• PROBLEM REQUIREMENTS
Starting from the line with "Centrotavola in maiolica", please copy exactly every line to the end of the listing, but not the pictures.

*** Opening of DATA BELOW ***

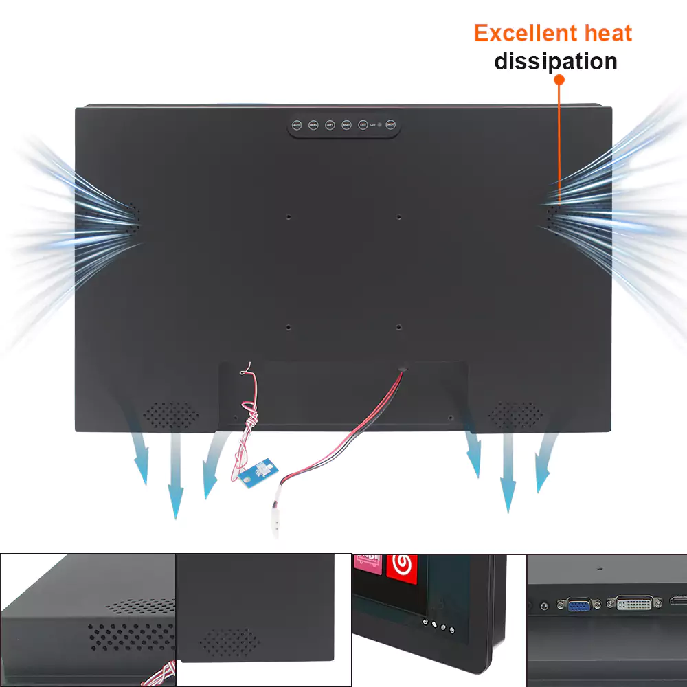 To handle this, the housing of the industrial touch screen monitor uses optimized airflow paths and multiple ventilation areas.
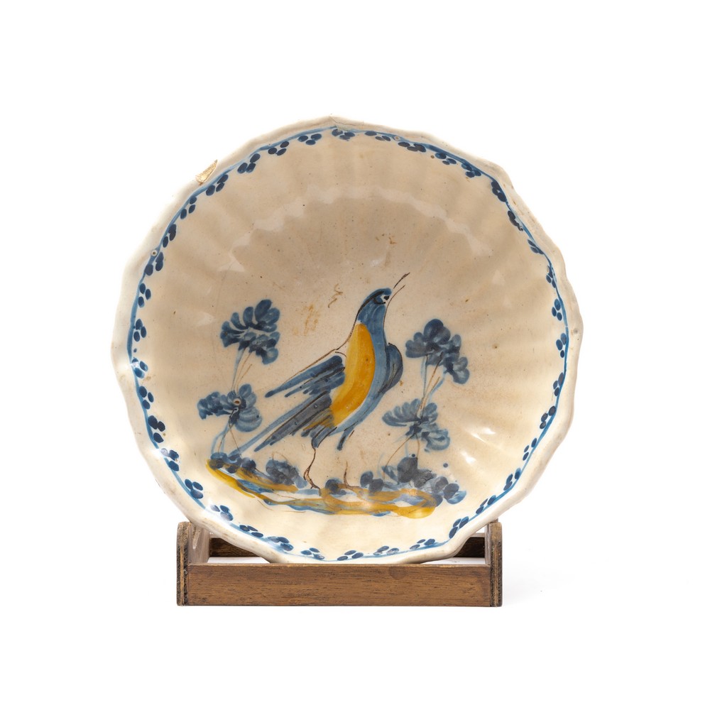 Centrotavola in maiolica policroma decorato con volatile (usure e piccoli restauri).
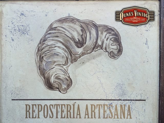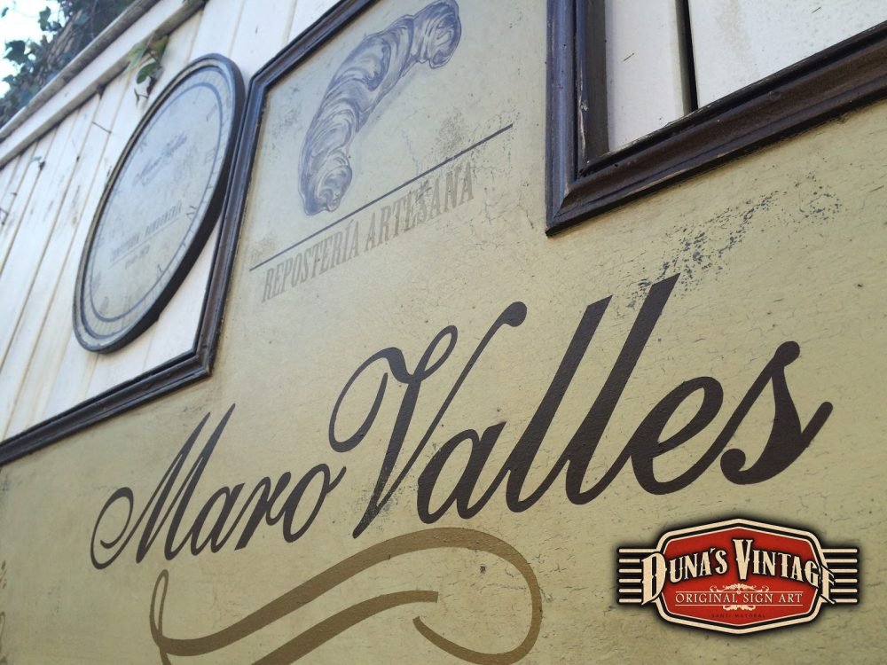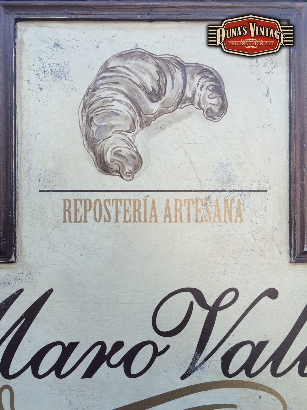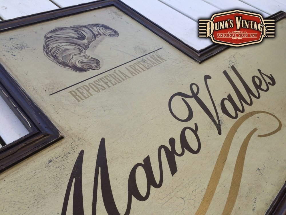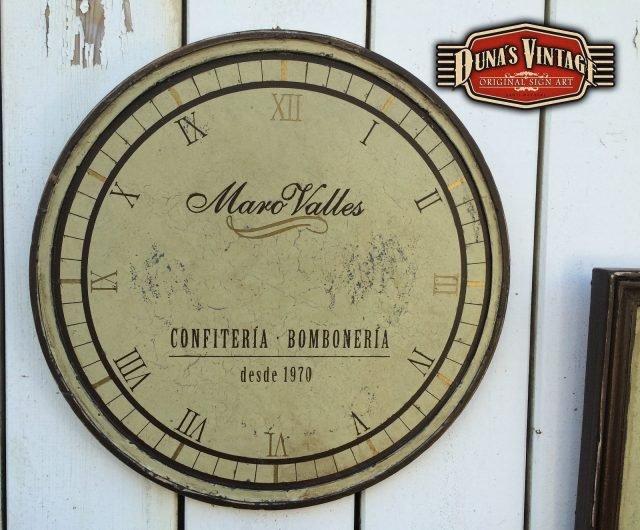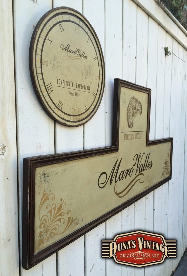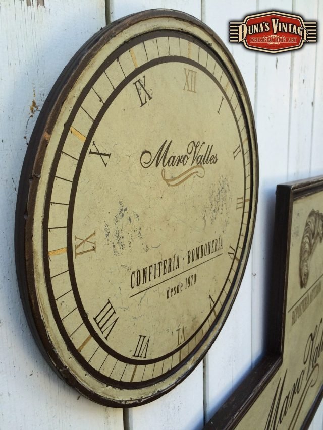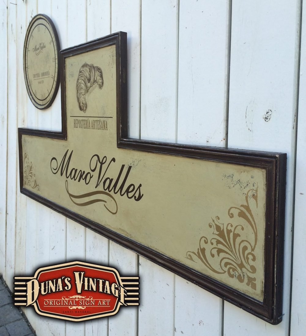 Cartel para Maro Valles Repostería Artesana (Valladolid), el tamaño del cartel es de 1400x620mm y el Reloj de 400mm de diametro, esta acabado con la técnica que Duna´s Vintage emplea en sus carteles.

*** Close of DATA BELOW ***

• TASK ANSWER
 Centrotavola in maiolica policroma decorato con volatile (usure e piccoli restauri).
 Cartel para Maro Valles Repostería Artesana (Valladolid), el tamaño del cartel es de 1400x620mm y el Reloj de 400mm de diametro, esta acabado con la técnica que Duna´s Vintage emplea en sus carteles.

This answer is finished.